Затем наступал черед юмора. Бора (с четырехугольным темным лицом, с резкими чертами) и Брайко с увлечением и очень удачно пародировали певцов. Уже одно появление Алексия на сцене вызывало бурные аплодисменты: всю зиму он пел по-русски: «Ой ты, доля, моя доля... ах, зачем же, злая доля, до Сибири довела?», причем невероятным образом то повышал, то понижал голос. Мы прозвали его Доля Долич, и, прикидываясь огорченным, он не раз спрашивал меня: «Неужели я так фальшиво пою?» Любчо, светловолосый, белолицый, разбитной парень, рассказывал анекдоты, главным образом про крестьян и сапожников. Высокий, худощавый Седов с прозрачными глазами изображал лай собак: пастушеских, охотничьих, лай щенка, когда тот нападает и когда убегает. Седов так постиг все собачьи модуляции, что мы покатывались со смеху на нарах. Иногда Седов изливал свою душу в стихах и читал нам свою оду об операции в Душанцах:
Здесь мы танцевали с милыми своими, потом распрощались и, надежд полны мы, что в душе таили, реку переплыли, на гору взобрались и в лесу собрались. До поры рассветной выстрел здесь не грянет. Здесь приносят клятву наши партизаны — за народ тот бедный умереть спокойно, до пули последней сражаться достойно.Королем анекдота был Мустафа. Эта слава за ним настолько упрочилась, что он вызывал смех уже одной своей улыбкой, раздвигавшей его полные губы на смуглом широкоскулом лице, которое казалось еще темнее от черных глаз и усов. Не было конца историям, вроде следующей. Как-то свинья опоросилась на вершине тополя. «Ой-ой-ой! Не смотрите вниз!» — говорит поросятам. А те посмотрели, ну и свалились... Удивительные истории он рассказывал о своих трудовых буднях: один корчмарь обанкротился, потому что Мустафа выпивал у него весь лимонад, а какому-то булочнику пришлось закрыть свою пекарню, потому что Мустафа тайком раздавал хлеб подпольщикам.

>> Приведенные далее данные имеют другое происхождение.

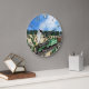 It's always time to train when you're an AFOL model railroader. Clock depicts a brick-built green Mountain 4-8-2 class locomotive hauling stock cars across a wilderness, all designed by Phoenix Train Works.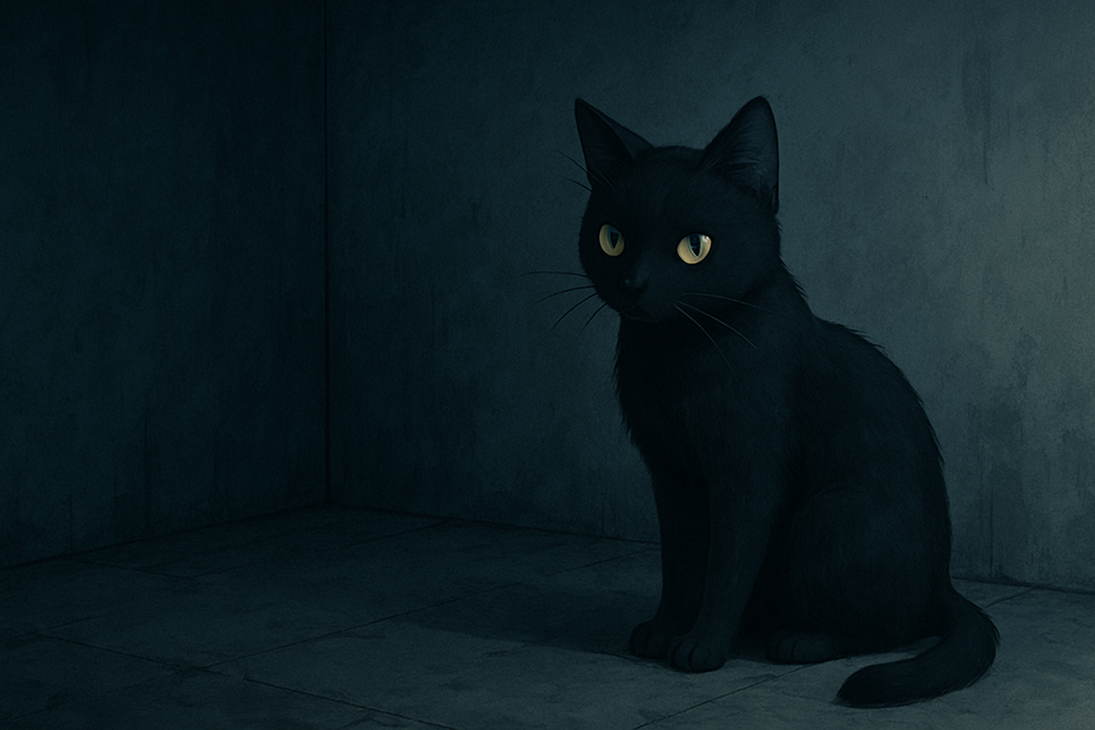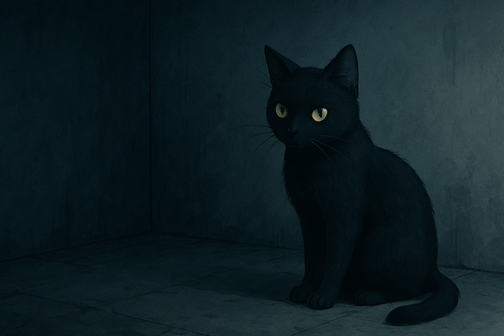 ふと背中に気配を感じて振り返ると、部屋の隅に黒猫がいるのが見えた。

Мы гасим одну лампу, подкручиваем фитиль в другой. Наступают сумерки.
После того как мы прикатили в Смолско на грузовике, Орлин оставил идею о конном отряде и бредил только автомобильным! Ему возражали: «Где в горах дороги? А бензин? Резина?..» «Все возьмем у гадов!» — настаивал он. Так его и прозвали Орлин Камионский[112].
Мы прилегли, разговариваем.
— Эх, Андро, как только вернемся, первым делом схожу в баню.

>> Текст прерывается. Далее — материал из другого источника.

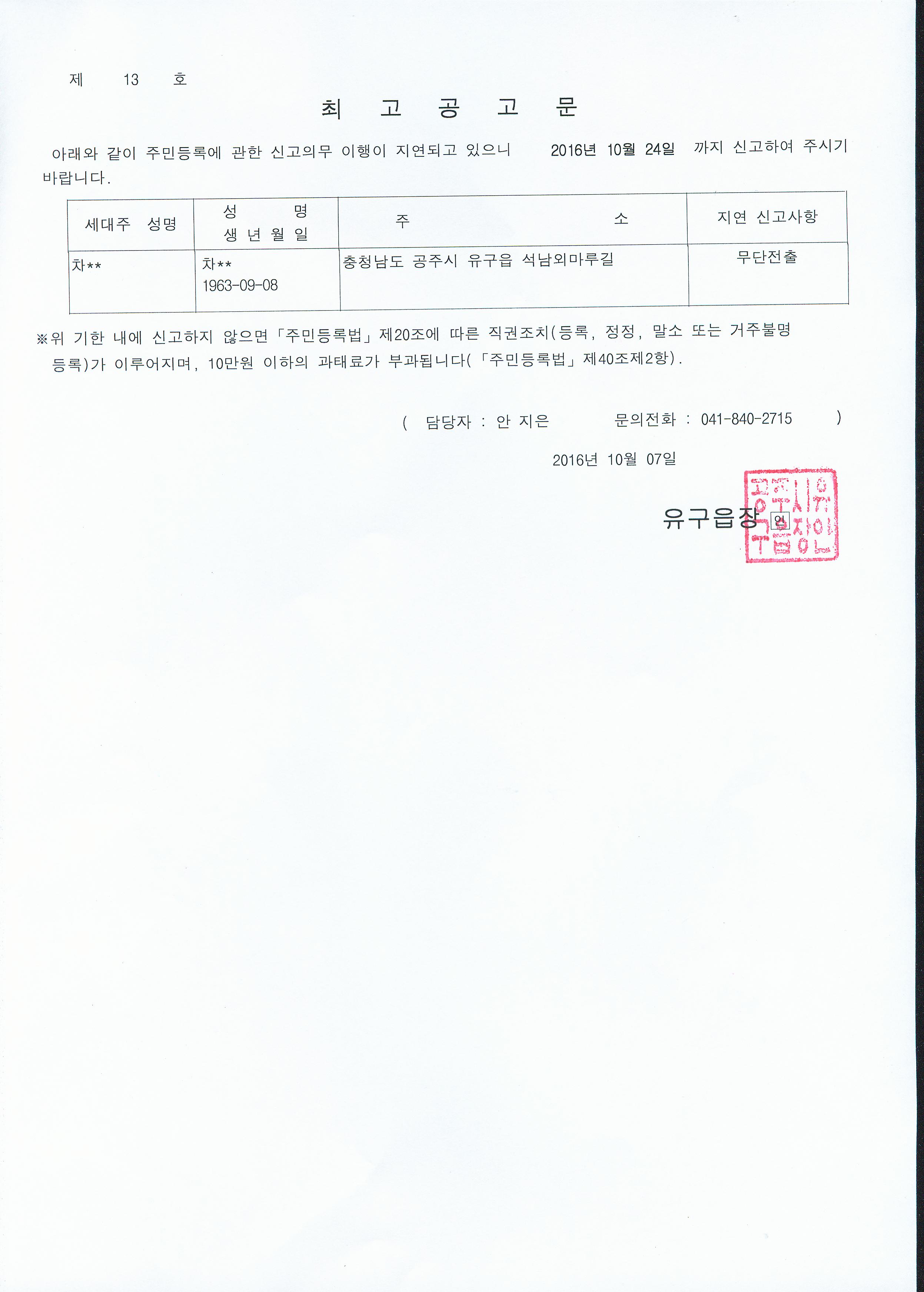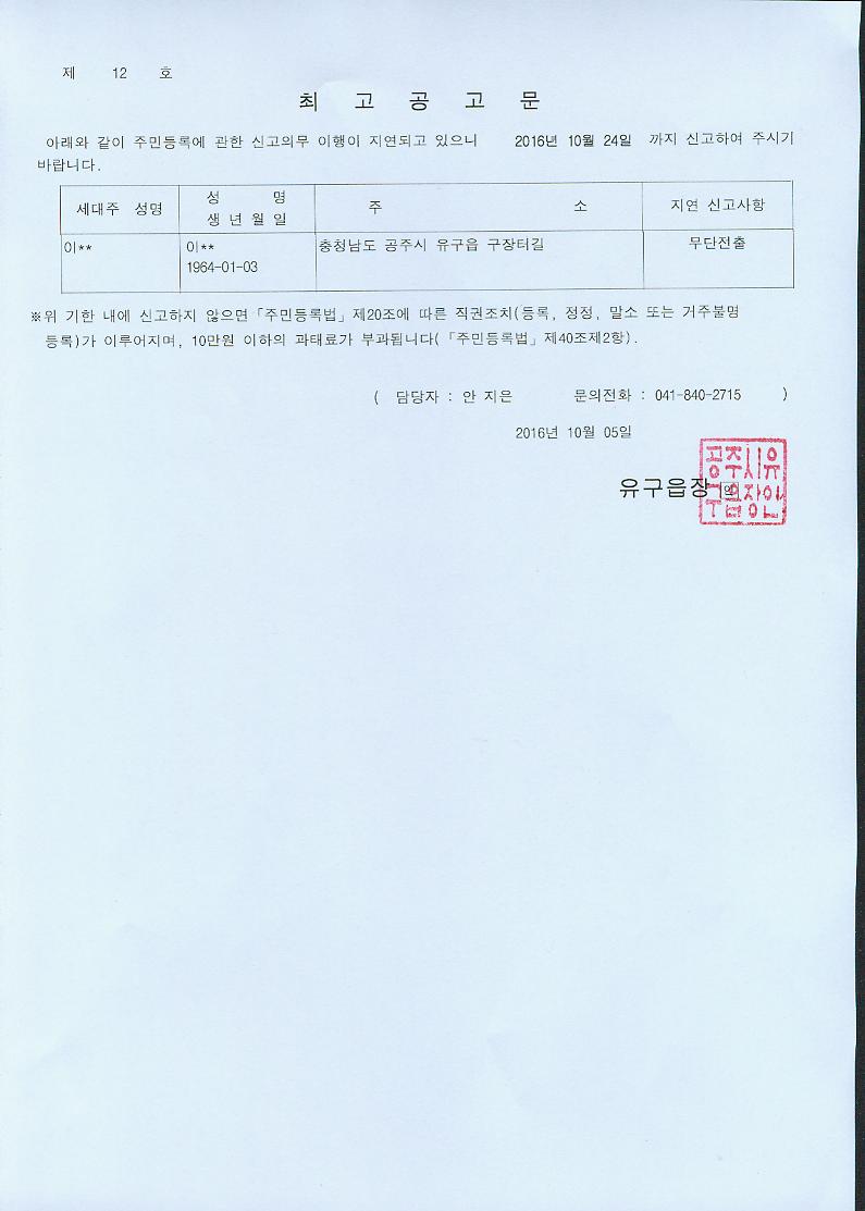 | 239 | 주민등록 최고 공고 | 유구읍 | 696 | 2016-10-07 | 최고공고문.jpg |

— А я думал, что сразу же побежишь к своей девушке.
— Ну, понятно! — улыбается он, будто видит ее перед собой. — Проводила она меня и не заплакала. А я обернулся, смотрю: она села прямо на тротуар... Кто знает, увидимся ли еще?
— Увидитесь! — успокаиваю я его.
Орлин пощипывает бороду. Только мы с ним вдвоем и остались бородатыми, кажется, даже это нас сближает. Его борода — окладистая, моя — клинышком. Многие подшучивают над нами, а мы держимся гордо и говорим, что они нам завидуют. Густая кудрявая борода придает Орлину мужественный вид, делает его еще более красивым. У него высокий лоб и проницательные глаза.
— Андро, ты мне не откажешь? Будешь кумом? И стихотворение нам напишешь?
Не думал я, что Орлин может говорить о таких задушевных вещах. Серьезный, волевой, внутренне собранный, он был требовательным к каждому, и прежде всего к самому себе. Того, кто отлынивал от работы или грубил товарищу, Орлин умел так упрекнуть потихоньку, что не было ничего тяжелее этого упрека. Некоторые побаивались его.
Вспоминаю я и свои задушевные беседы с Брайко. Он рассказывал о своей дочке, и мне было понятно, почему в Петриче он вдруг обнял какую-то маленькую девочку, пошарил у себя в кармане и протянул ей несколько желудей — все, что у него было. Девочка смотрела на него с удивлением и даже испуганно, но улыбалась. А Брайко прижимался к ней щекой...
Велко расспрашивал каждого, о чем кто мечтает. Таким образом, он как бы оценивал, кто на что способен. Может ли человек быть сильным, если не мечтает? Особенно молодой человек? Иногда Велко шутливо, чтобы подразнить нас, говорил:
— Эй, Матей, и ты хочешь стать трактористом? Не так ли? Весь Мургаш полон трактористами — и Лазар, и Васко, и сколько еще... Только Митре хочет стать колхозным пастухом, чтобы всегда у него была саздырма. Но это он от голода... На самом же деле он собирается стать артиллеристом болгарской Красной армии...
— А я все-таки буду комбайнером! — отрезает Матей.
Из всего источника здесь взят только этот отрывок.